[[ Extracted entries open ]]

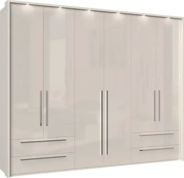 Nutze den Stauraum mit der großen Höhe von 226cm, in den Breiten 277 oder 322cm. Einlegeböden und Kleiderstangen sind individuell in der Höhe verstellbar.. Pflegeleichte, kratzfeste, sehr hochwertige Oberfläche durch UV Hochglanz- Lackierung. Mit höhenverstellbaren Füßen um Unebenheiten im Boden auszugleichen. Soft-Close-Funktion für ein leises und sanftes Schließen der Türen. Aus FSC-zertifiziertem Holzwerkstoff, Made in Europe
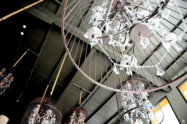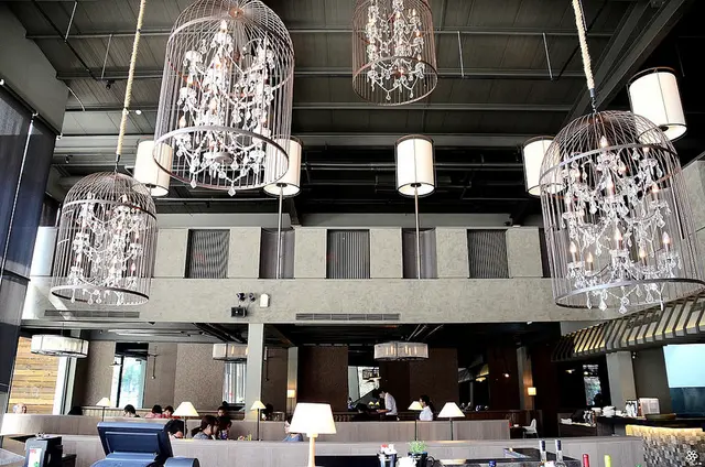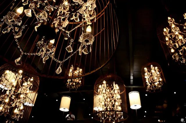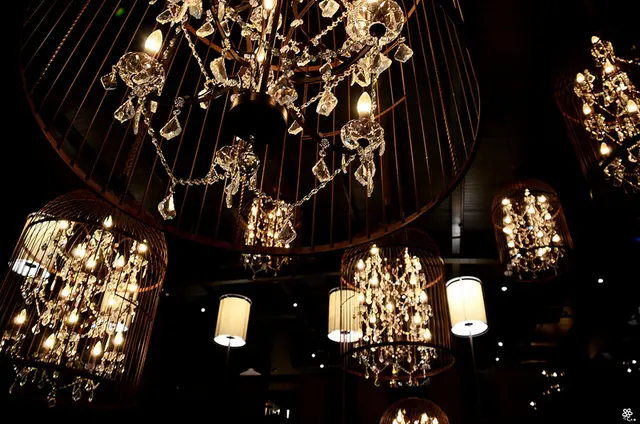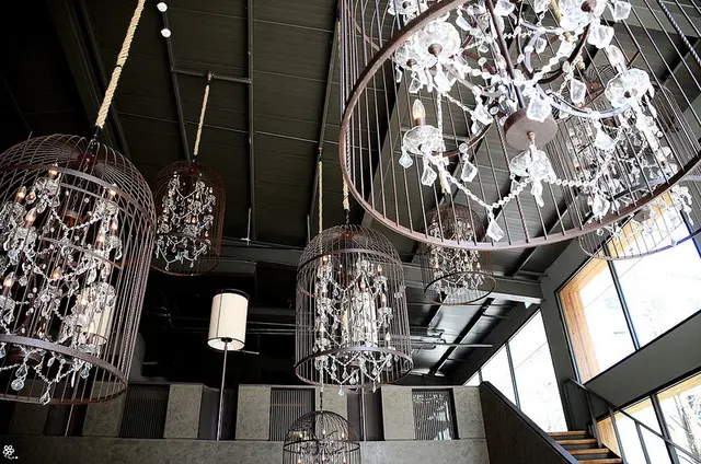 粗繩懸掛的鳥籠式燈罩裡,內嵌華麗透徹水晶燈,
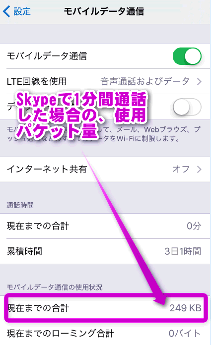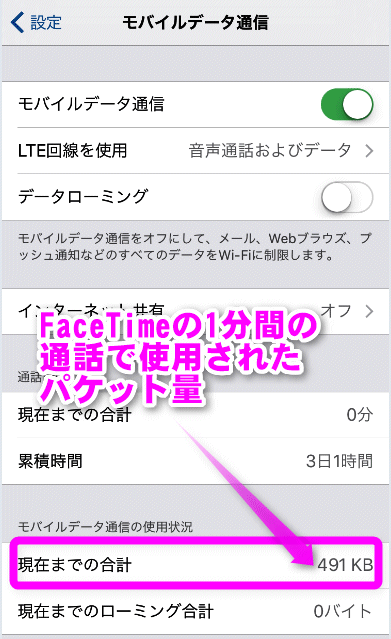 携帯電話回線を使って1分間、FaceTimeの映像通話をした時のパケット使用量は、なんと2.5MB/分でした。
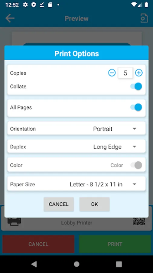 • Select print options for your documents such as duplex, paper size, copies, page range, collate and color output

[[ Extracted entries closed ]]
[[ Extracted entries open ]]

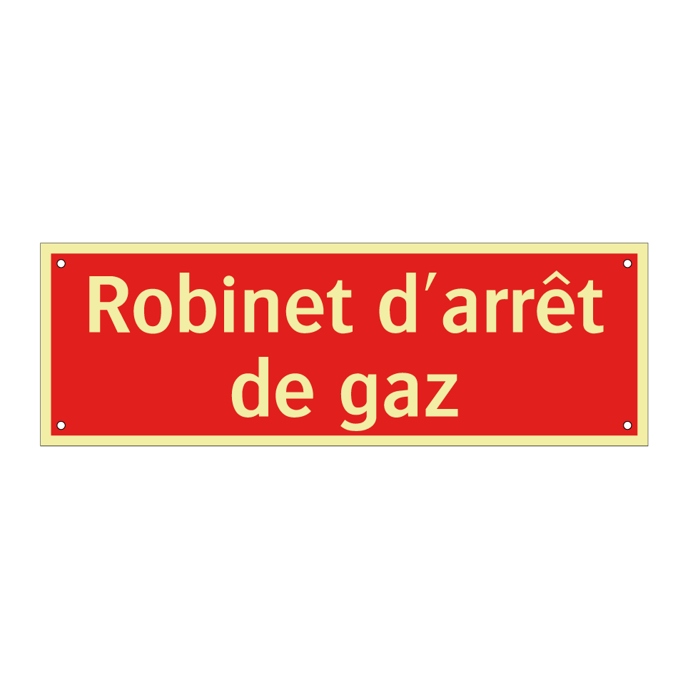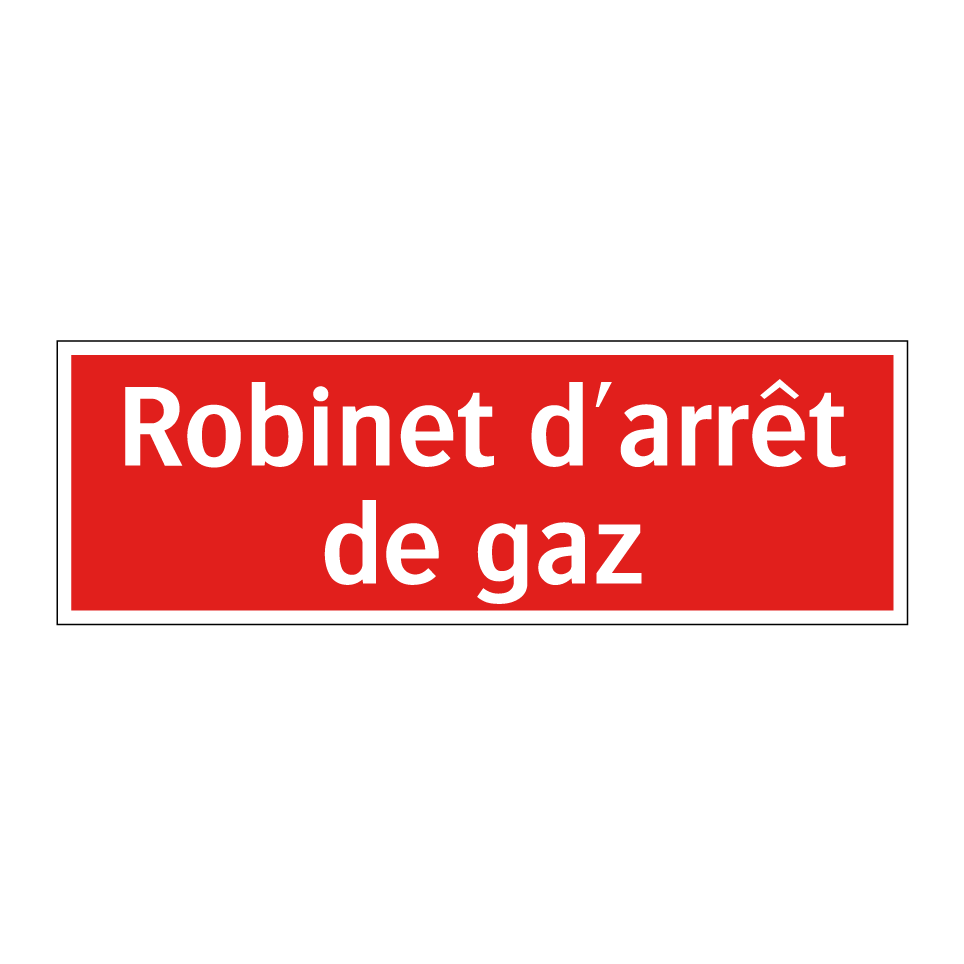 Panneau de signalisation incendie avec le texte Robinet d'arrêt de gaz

[[ Extracted entries closed ]]

### Exercise directions
In the records above, find the line containing "携帯電話回線を使って1分間、" and the line containing "and color output", then give both of them again word for word along with every line between. Omit any pictures.

### Solved problem
 携帯電話回線を使って1分間、FaceTimeの映像通話をした時のパケット使用量は、なんと2.5MB/分でした。
 • Select print options for your documents such as duplex, paper size, copies, page range, collate and color output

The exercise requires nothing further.